Combination of the two (fracs and An, no X variables, gapRel = 0.0001, threads = None): almost instant run time:

{1: [819, 17467, 21614, 22716, 64301, 136944, 1021326, 1344708], 2: [1855, 7109, 8948, 30955, 460833, 556354, 739627, 824564], 3: [108042, 255182, 368270, 1898763], 4: [2953, 16028, 52942, 72221, 147896, 173237, 925193, 1239808]}
[2629895, 2630245, 2630257, 2630278]
[273.75, 76.25, 88.25, 109.25]
[2.6020193571229983e-05, 7.247633825776388e-06, 8.388245050816607e-06, 1.0384314694636988e-05]
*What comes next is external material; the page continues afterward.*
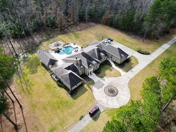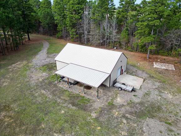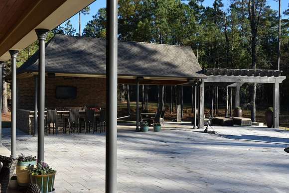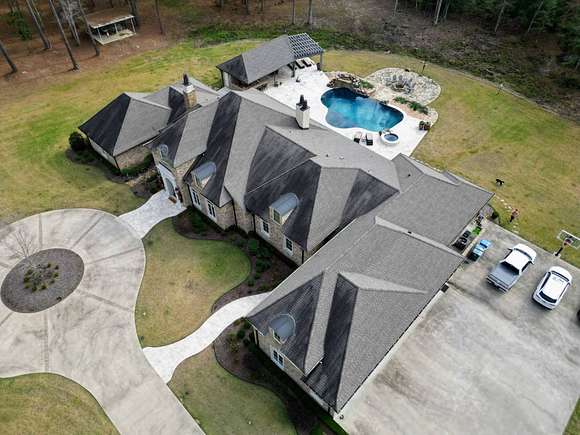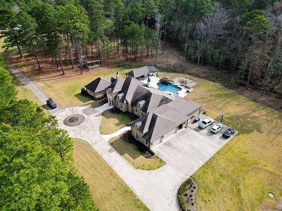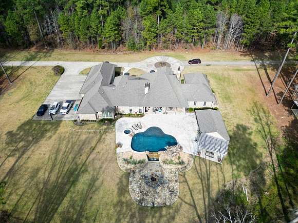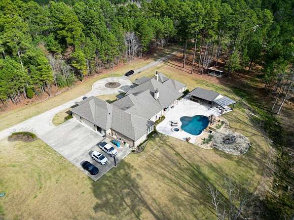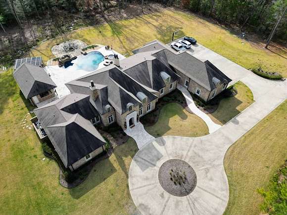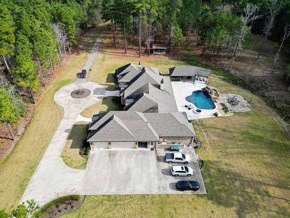 Custom Built Home built in 2017, on 20 acres with-in 3 miles of Magnolia. It has 5639 square feet, has hardwood floors with 4 Bedrooms and 4 1/2 Baths. The Master Bath futures marble flooring, a Carrara Marble oxygen tub, steam shower and large walk-in closets. Kitchen is large open area with granite and quartz countertops, limestone flooring, and temperature controlled wine closet. House also a storm shelter/room. There is a Matrix video/audio/sound system which integrates multiple devices in major rooms, the porch and other outdoor living areas. It has a large patio, outdoor kitchen with 1/2 bath, firepit area, built-in bug sprayer for mosquitos and a Infinity Pool with a Water Fall. The property also comes with a 40 foot X 60 foot shop, tractor, two bush hogs a 6' wide and 10' wide and a 6' wide disc. Minerals DO NOT CONVEY! This property has a lot more to offer the new owner, call for showing today. Aerial Photos by Klober Certificate #4828125.

Conclusion: if the use of max_sum instead of the individual sums of absolute differences always results in close to optimality for all sets (not only the largest one), this method could be very advantageous, especially if combined with the normalisation, if one is prepared to accept a small nonzero relative gap.
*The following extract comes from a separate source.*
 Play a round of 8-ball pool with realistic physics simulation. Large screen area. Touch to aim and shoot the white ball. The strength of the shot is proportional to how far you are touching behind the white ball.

Addendum after further testing

It turns out that the max_sum-based approach, even when left to run to completion (i.e. allowed to find an optimal solution, not stopped by the gap or time limit), does not result in the desired optimality.

Example:

list_of_numbers = [10000] + [100, 200, 300, 400, 500] * 5
N_sets_to_make = 3

With original method (min of sum of absolute differences) based on fractions (fracs, An):

# Final sets
{1: [10000],
 2: [200, 300, 300, 400, 500],
 3: [100,
  100,
  100,
  100,
  100,
  200,
  200,
  200,
  200,
  300,
  300,
  300,
  400,
  400,
  400,
  400,
  500,
  500,
  500,
  500]}

# Their sums
[10000, 1700, 5800]

# Absolute differences
[4166.666666666667, 4133.333333333333, 33.33333333333303]

# Fractional differences
[0.23809523809523814, 0.23619047619047617, 0.0019047619047618874]

# Their sum
0.4761904761904762

With max_sum method (min of max sum of fractions):

# Final sets
{1: [10000],
 2: [500],
 3: [100,
  100,
  100,
  100,
  100,
  200,
  200,
  200,
  200,
  200,
  300,
  300,
  300,
  300,
  300,
  400,
  400,
  400,
  400,
  400,
  500,
  500,
  500,
  500]}

# Their sums
[10000, 500, 7000]

# Absolute differences
[4166.666666666667, 5333.333333333333, 1166.666666666667]

# Fractional differences
[0.23809523809523814, 0.30476190476190473, 0.0666666666666667]

# Their sum
0.6095238095238096

Solution

First, realize that your toy problem is combinatorially quite vast.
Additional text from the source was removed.